Separately, it is worth dwelling on the classifications, since many do not understand, for example, how vegetarianism differs from a raw food diet. You need to know these nuances in order to move into one of these systems, not to violate its boundaries and to correctly self-determine.

There are 4 trends in total:

  1. Traditional vegans do not eat meat, milk, eggs, fish and honey, leaning on cereals, cereals, nuts, vegetables, herbs, berries, fruits.
  2. Raw food diet - eating only those products of plant origin that have not been processed by humans in any way.
  3. Macrobiotics - avoiding sugar (bone charcoal is used to purify beet-derived sugar) and oils.
  4. Fruitarians only eat fruit classic rep this group - Hollywood actor Clint Eastwood).

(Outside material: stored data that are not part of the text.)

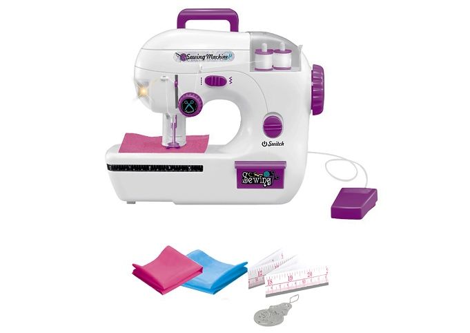 Šicí stroj. Velikost 24cm. Baterie 4xAA nejsou součástí. Obsahuje kousky látky, navlékač jehel, metr. USB kabel součástí.
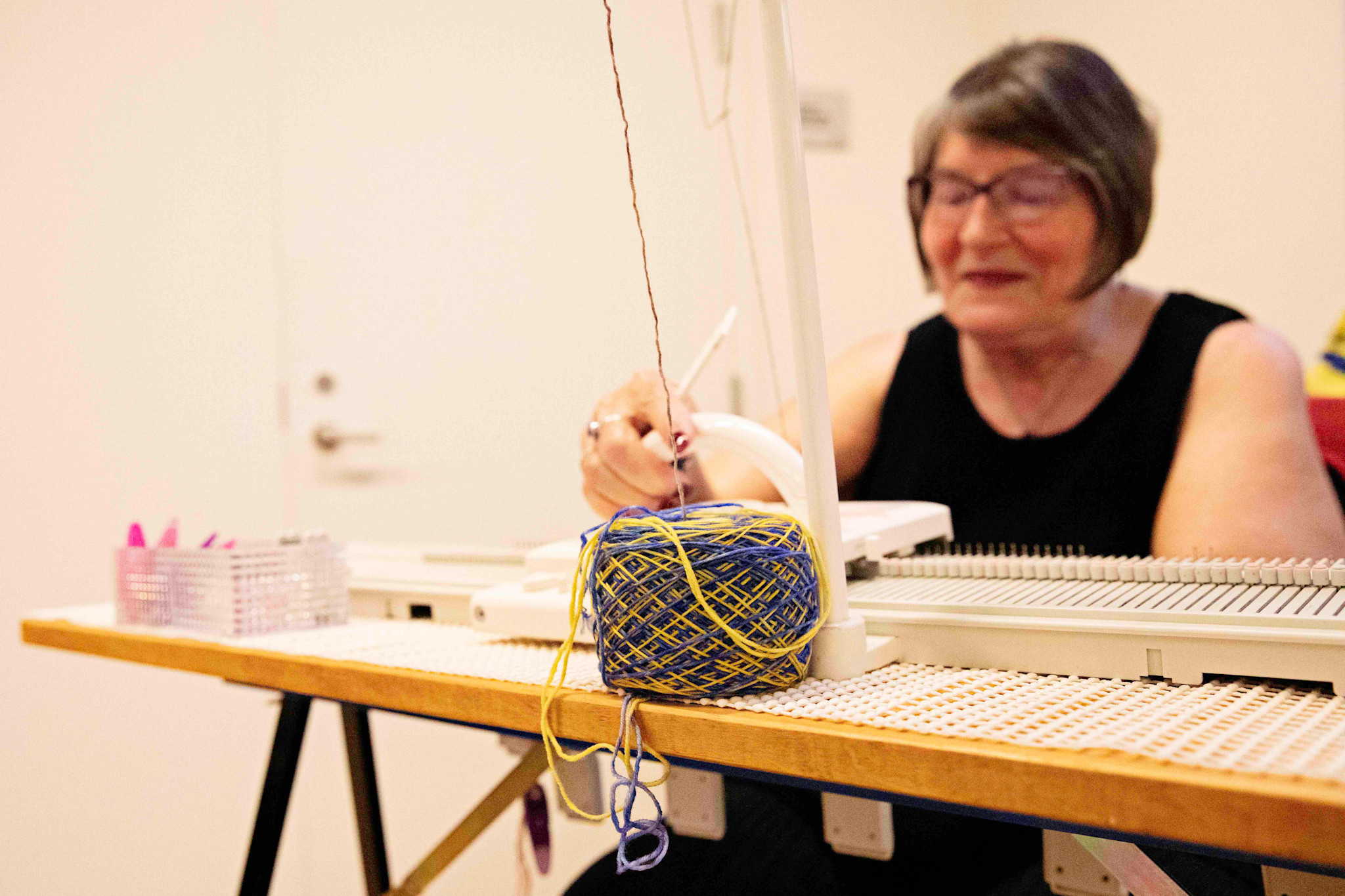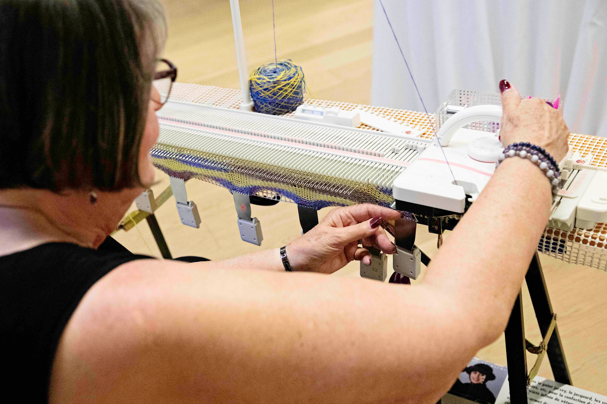 A knitting machine is set up for live demonstrations, and participants are encouraged to ask questions and request specific techniques to see in action.
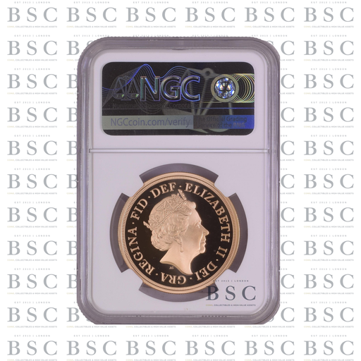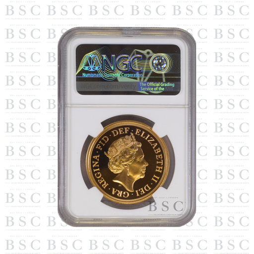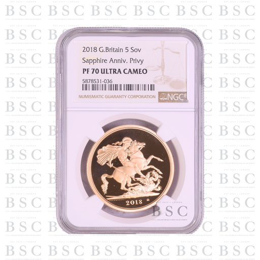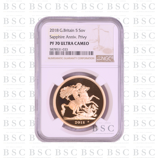 2018 GB £5 Quintuple Sovereign Sapphire Anniversary Gold Proof Coin. Graded PF69 Ultra Cameo by NGC. NGC Certification Number: 5878375-001 Exact ...
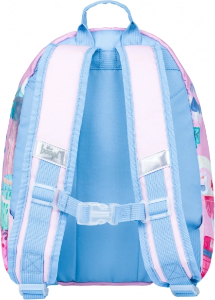 Удобна предучилищна раничка BAAGL с едно основно отделение и преден джоб, идеална за детската градина и за излети. Предлага здрава подплатена задна част, регулируеми подплатени презрамки, светлоотразителни елементи и издръжлив водоотблъскващ материал за ежедневна употреба.
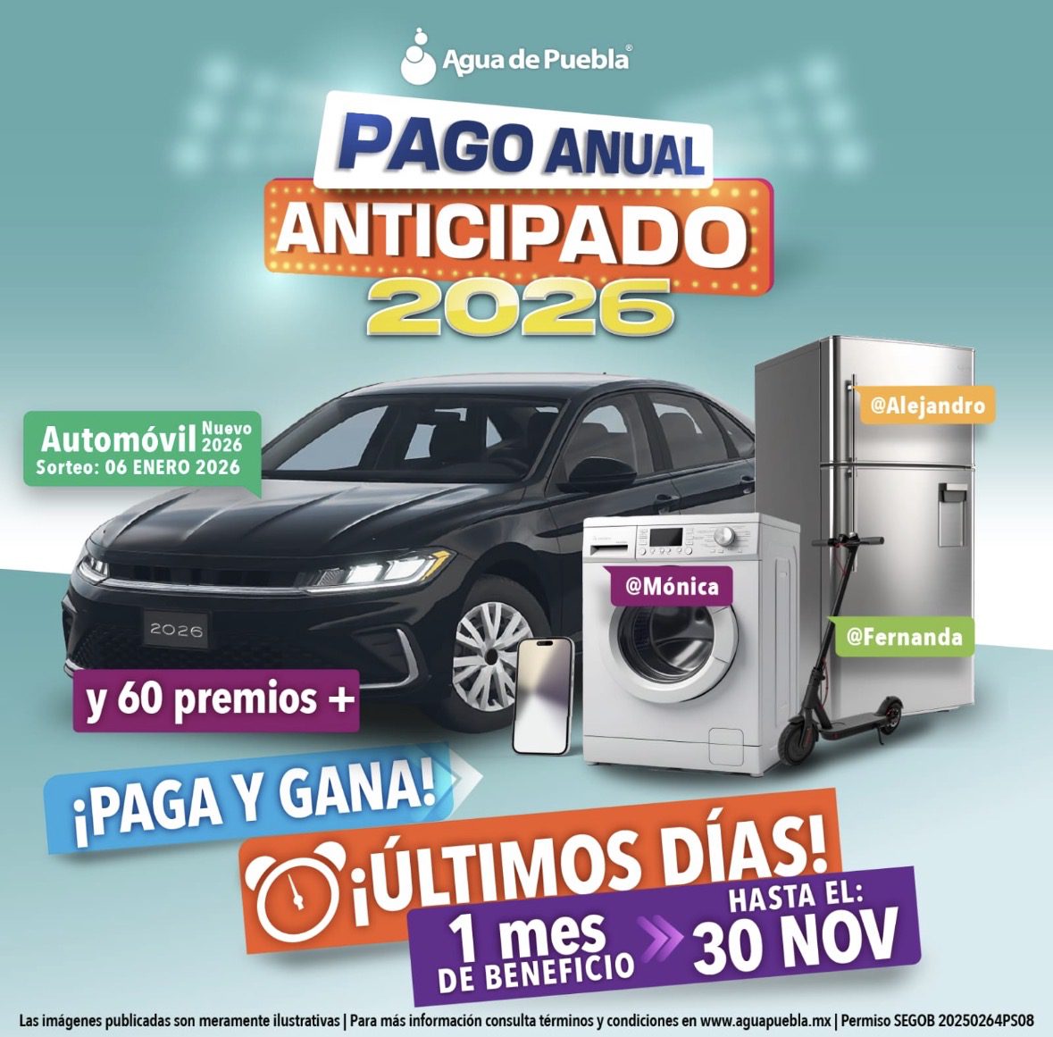 Agua de Puebla invita a todos los usuarios domésticos a aprovechar esta última semana del “Gran Fin del Ahorro” que concluye el próximo domingo 30 de noviembre y ofrece grandes beneficios con dos programas: 1) “Pago Anual Anticipado 2026”:
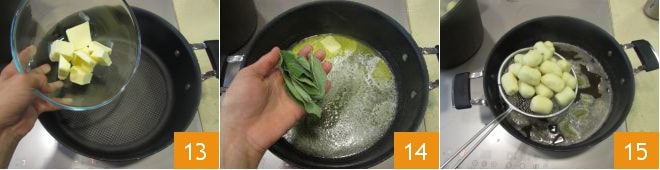 Prepara el condimento: pon la mantequilla en una cacerola 13 y derrítela con algunas hojas de salvia 14. Cocina los ñoquis en abundante agua salada 15.
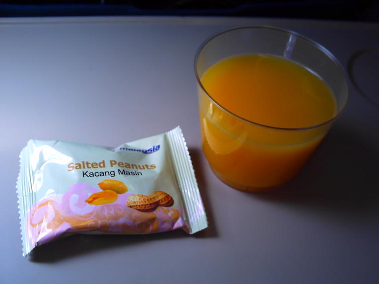 飲み物なしでピーナツはしんどいわー、と思ってたらオレンジジュース出た。
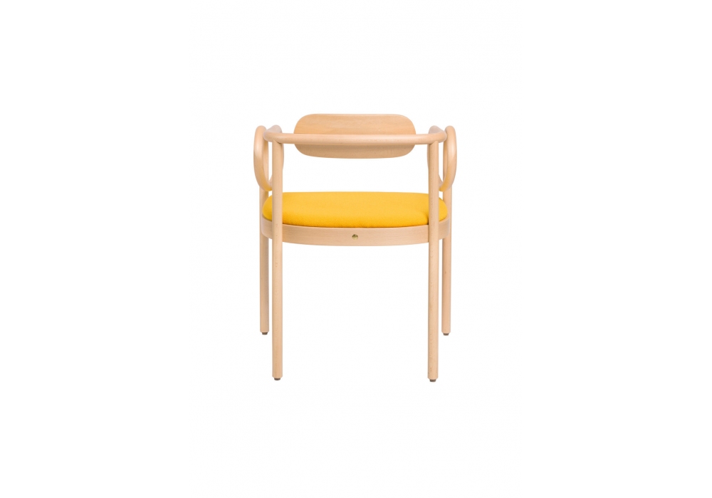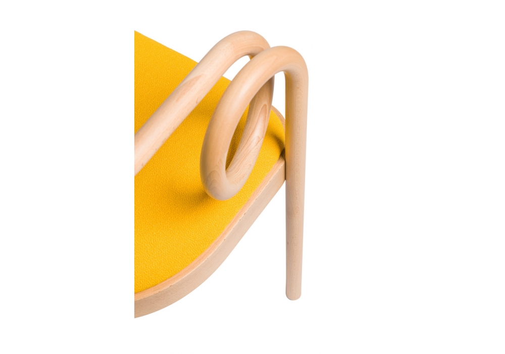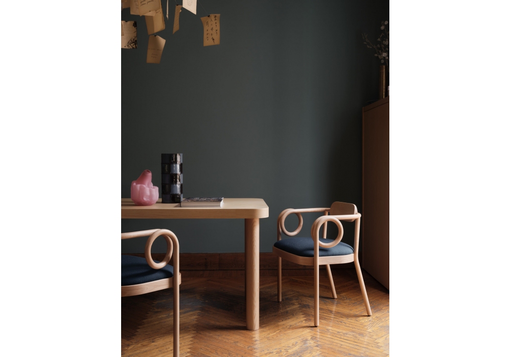Loop Dining conçu par India Mahdavi pour Gebrüder Thonet Vienna est un fauteuil avec structure courbée en hêtre. Assise rembourrée recouverte de tissu ou de cuir, dossier en bois. Disponible en différentes finitions.
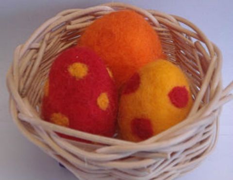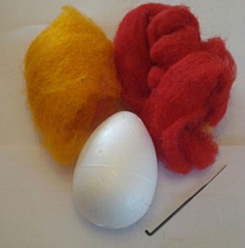 Occorrente: uova in polistirolo, lana cardata, aghi per infeltrire
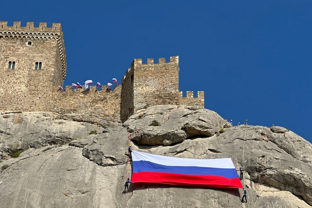 В Крыму спасатели развернули флаг России на обрыве у стен Генуэзской крепости
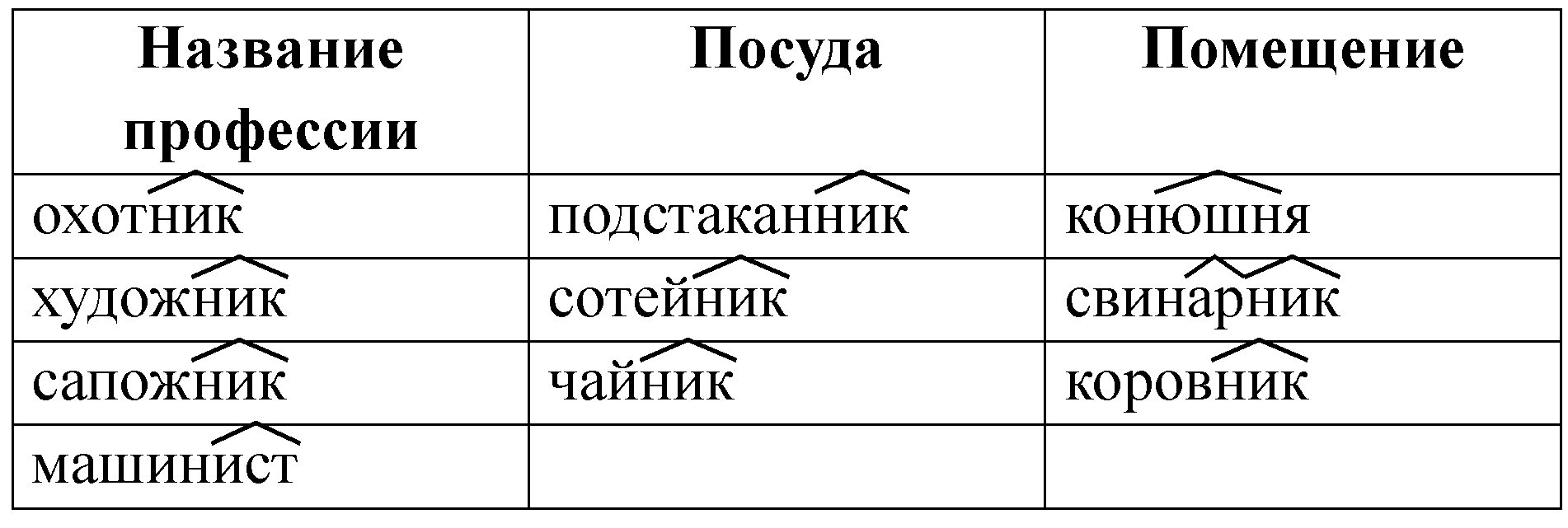Номер 1. Прочитай слова. Заполни таблицу. Выдели в словах суффиксы.

Vegetarians, vegans and raw foodists are essentially similar (they are united by the rejection of animal products), but each has its own nuances (the differences relate to the list of permitted and prohibited foods and how they are processed).

Lifestyle

Among other things, the difference between a vegan and a vegetarian is in the way of life. The latter, as a rule, continues to enjoy all the benefits of civilization, while the former refuses much due to moral and ethical principles. Veganism does not allow any harm to animals, and therefore invites its followers not to use items in everyday life, in the production of which material of animal origin was used.

Restrictions apply to:

  • clothes and any other fabrics made of leather, silk, wool;
  • fatty soap;
  • printed photographs (after all, their production requires gelatin);
  • many medicines and cosmetics containing animal extracts;
  • entertainment related to the exploitation of animals: zoos, circuses, horse races, dolphinariums (it is unnecessary to talk about hunting, which is blasphemy for vegans).

Some restrictions reach the point of absurdity, but this is precisely the difference between the concepts.

Table

The table below illustrates the main differences between vegetarians and vegans:

For someone uninitiated, a vegetarian and a vegan are one and the same. Actually it is not. Vegetarianism is a generic concept that is broader and includes many branches with all their addictions to fruits, milk, eggs, etc. Veganism is a specific concept, narrower, relating not only to nutrition, unlike other currents. Its adherents completely refuse animal products, things made from animal raw materials.

For those who are going to join this worldview, it is necessary to understand these basic terms and know the differences between them.